The realities of pursuing the cure for cancer

Written by Cindy Perettie, Head of Global Product Strategy, Oncology

The reason I come to work every day is to transform the lives of people with cancer. My colleagues and I work tirelessly, together with our world-class researchers, partners and collaborators to explore science and technology with the aim of making clinically significant contributions – ones that advance the science and bring more hope for patients facing this terrible disease.

Medical conferences, such as the European Society for Medical Oncology (ESMO) Congress, taking place in Madrid, provide us with an opportunity to share and discuss our latest research with the scientific community. We are always particularly excited and proud to share our breakthroughs at these meetings, especially when we have data that truly transform the treatment landscape and change the lives of patients forever. It is these life-changing and treatment-transforming advances that we strive to deliver.

However, cancer is a complex disease. After having developed breakthrough solutions that help prevent, diagnose, treat and monitor cancer for more than 50 years, we understand that progress in pursuing a cure often consists of small, incremental advances in scientific understanding that finally unlock a major step forward.

I believe we are in a critical period of cancer research and development. We are looking forward to an unprecedented number of data readouts from our pipeline over the next few months.
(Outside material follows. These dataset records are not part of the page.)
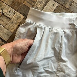 Lululemon Men’s License To Train Lined Shorts 7”. Color: Silver Cloud. Waistband drawcord. Zippered side and hand pockets. Shorts are in very good condition—but the shorts lining has been cut(see last few pictures). Size Small
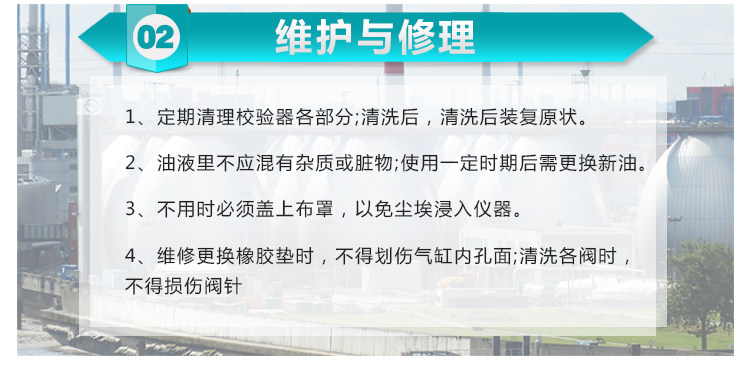 Установка и использование 1. Калибровочная таблица должна быть размещена на рабочем столе, который прост в эксплуатации и должен быть сохранен на уровне. 2. Температура рабочей среды калибровочной таблицы составляет + 20 ± 10 ℃, и окружающий воздух не должен содержать коррозионные газы. 3. Калибровочный стол не должен быть разряжен; Резиновые коврики должны быть установлены на рабочем столе. 4. Перед использованием сначала очистите трубопровод калибровочной таблицы с помощью бензина, а затем заполните масляный стаканчик с помощью передающей среды давления. Поверните ручное колесо ручного винта, чтобы проверить, разблокирована ли масляная цепь; Если нет проблем, вы можете установить точный манометр и калиброванный манометр. Техническое обслуживание и ремонт 1. Регулярно очищайте все части калибратора; После очистки восстановите состояние после очистки. 2. Масло не должно смешиваться с примесями или грязью; Его следует заменить новым маслом после определенного периода использования. 3. Когда не используется, крышка ткани должна быть покрыта, чтобы предотвратить попадание пыли в инструмент. 4. При ремонте и замене резиновой прокладки не царапайте поверхность внутреннего отверстия цилиндра; Не повреждайте иглу клапана при очистке клапанов
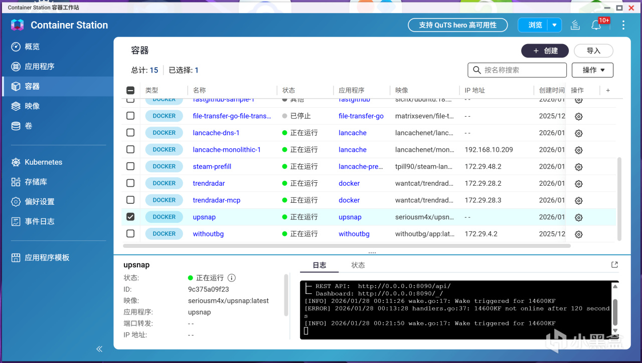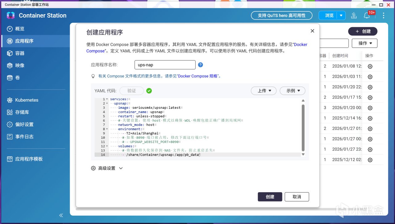 代碼粘貼無誤後,記得點擊下方的 “驗證”按鈕,確保YAML格式正確,最後點擊創建按鈕,系統就會自動拉取這個非常精簡的鏡像並啓動服務,咱們可以在容器列表中看到upsnap這個容器正在運行,狀態顯示爲綠色小圓點。

These study results will hopefully provide hugely important insights into the biology and immunology of cancer, and inform how we can best treat this very complex disease.

In the meantime, we are excited to present data at ESMO 2017 – the most important oncology congress in Europe – in the form of 116 scientific abstracts involving 18 of our medicines, as well as important new evidence from our broad biomarker science and diagnostics program. For example, we look forward to sharing results from our first retrospective studies of a blood-based assay measuring tumour mutational burden, an approach we are pioneering with our partners at Foundation Medicine.
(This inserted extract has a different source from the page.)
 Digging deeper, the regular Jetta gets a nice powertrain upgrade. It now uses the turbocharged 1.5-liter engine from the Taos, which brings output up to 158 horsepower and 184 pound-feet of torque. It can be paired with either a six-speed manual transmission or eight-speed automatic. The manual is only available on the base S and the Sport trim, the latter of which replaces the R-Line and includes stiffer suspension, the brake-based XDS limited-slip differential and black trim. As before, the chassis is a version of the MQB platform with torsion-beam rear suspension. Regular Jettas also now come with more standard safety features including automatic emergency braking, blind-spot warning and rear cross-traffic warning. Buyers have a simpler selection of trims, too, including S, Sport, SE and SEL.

Each and every one of these scientific abstracts was made possible by patients, their support network, and the scientists and doctors who conducted the research. Without their contribution, the progress of medical science would grind to a halt. The abstracts at meetings like ESMO may look like small steps forward, but together they represent the crucially important and significant building blocks that are required, as we collectively pursue a cure for cancer.

At Roche, we are committed to pursuing a cure for cancer through this process of small steps and giant leaps and we can’t wait to share the news of our progress in Madrid while learning from the best and the brightest minds in oncology.

Meetings like ESMO give me so much hope that the scale of our collective efforts will continue to make transformative differences for people with cancer around the world.